If the Kruskal-Wallis Test shows a significant difference between the groups, then pairwise comparisons or contrasts can be used to pinpoint the difference(s) as described following a single factor ANOVA. It is important to reduce familywise Type I error.

For more information about these follow-up tests and how to perform them in Excel, click on any of the following links:

References

NCSS (2012) One-way analysis of variance
https://www.ncss.com/wp-content/themes/ncss/pdf/Procedures/NCSS/One-Way_Analysis_of_Variance.pdf

Hollander, M., Wolfe, D. A. (1999) Nonparametric statistical methods, 2nd ed. Wiley

62 thoughts on “Follow-up Tests to Kruskal-Wallis”

  1. Hello Charles,
    Is it incorrect to use post hoc ANOVA tests like Tukey Kramer if I am running Kruskal Wallis?
    What is the equivalent of Nemenyi and Dunn’s test in SPSS if I have to refer to it?

    Reply
    • Sujatha,
      It is probably ok if the assumptions are met, but there is no need to use the standard ANOVA post-hoc tests since there are perfectly good KW post-hoc tests.

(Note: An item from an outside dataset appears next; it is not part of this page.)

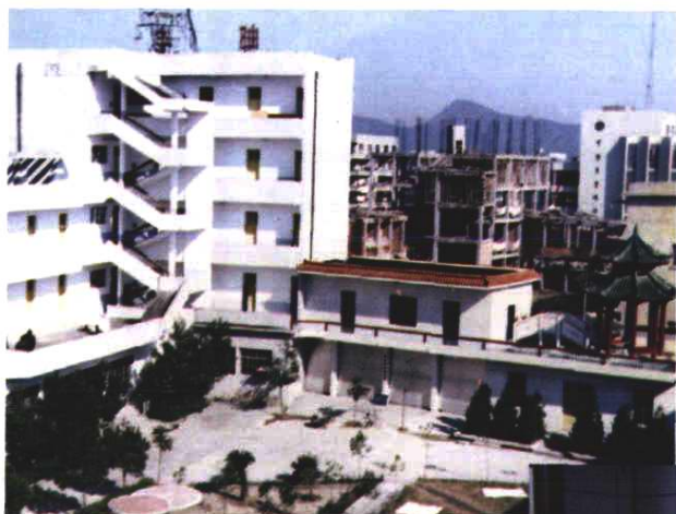
◁ 县局被评为宜春地区园林绿化达标单位,图为园林化的办公环境。

What you shouldn’t do is shop around for a test whose results you like best. The KW post-hoc equivalent of Tukey-Kramer is Nemenyi.
      I don’t use SPSS and so I don’t know what names they use, although I would be surprised if the names were different.
      Charles

      Reply
  2. I have ran a Kruskal Wallis test and I am using Kruskal Wallice 1-way ANOVA pairwise comparisons. Do i report significance or adjusted significance (Bonferroni correction)?
    And what is the most appropriate way to present in a graph? box plot or means and standard error? or even a table?

    Reply
    • Hello Charlie,
      Report adjusted significance.
      Re what to graph, this depends on what you want to accomplish. What is your objective with this graph?
      Charles

      Reply
  3. Hi! Thank you very much for the RealStats Analysis Tool! It helped me so much ^^ I have a question tho: My experimental dosages have significant differences with both positive and negative control, and I’am at loss at what to do. Can you please help me? I used Kruskal-Wallis, and then Pairwise MW for the post hoc. Thank you!!

    Reply
    • Hi Eyna,
      It seems like you have conducted the tests and so I don’t know what you are asking when you say “I’m at a loss at what to do”.
      Without more information, I don’t know whether Kruskal-Wallis was the best test to use. It is very likely that there were better options than piarwise MW for the post-hoc since this doesn’t control for experimentwise error.
      Charles

      Reply
  4. Charles,
    I have a question regarding the df of 480 specified in Example 1 of the Nemenyi test output. Can you please explain how this df has been obtained?

    Thanks,
    -Sun

    Reply
  5. Hi Charles, I’ve been really enjoying RealStat. I’ve performed a Kruskal-Wallis on a set of 16 treatments (lack of normality and very heterogenous variances). When trying to perform a Mann-Whitney post KW I couldn’t find Mann-Whiney among the “Kruskal-Wallis follow-uo options”. The only options available were “Contrasts”, “Nemenyi”, “Dunn”, “Steel”, and “Schaich-Hamerle”.

    Thanks.

    Kind regards.

    Reply
    • Carlos,
      In the latest version of Real Statistics (Rel 5.9) you should also finf the Pairwise MW and Pairwise MW Exact options. These perform the Mann-Whitney tests. If you enter the formula =VER(), you will se which release you have.
      Charles

      Reply
  6. Hello Charles!
    Thank you for such a useful program and especially for your explanations and examples. I realize what a colossal work this is!
    But I get some strange results, using Kruskal-Wallis and Dunn’s test: in some cases of pairwise differences testing I see p-value>1 (for ex.5 or 15). I can’t understand the reason. Could you help me&
    Thanks

    Reply
  7. Hello Charles,

    Thank you for this incredible tool.

    I recently ran a Kruskal-Wallis Test that returned a significant result. I performed post-hoc testing with Dunn’s Test and couldn’t find any pairwise significant values. The two values with the greatest difference in R-means had a d-stat of 2.52, lower than the d-crit of 2.93. All other d-stat values were also below the d-crit.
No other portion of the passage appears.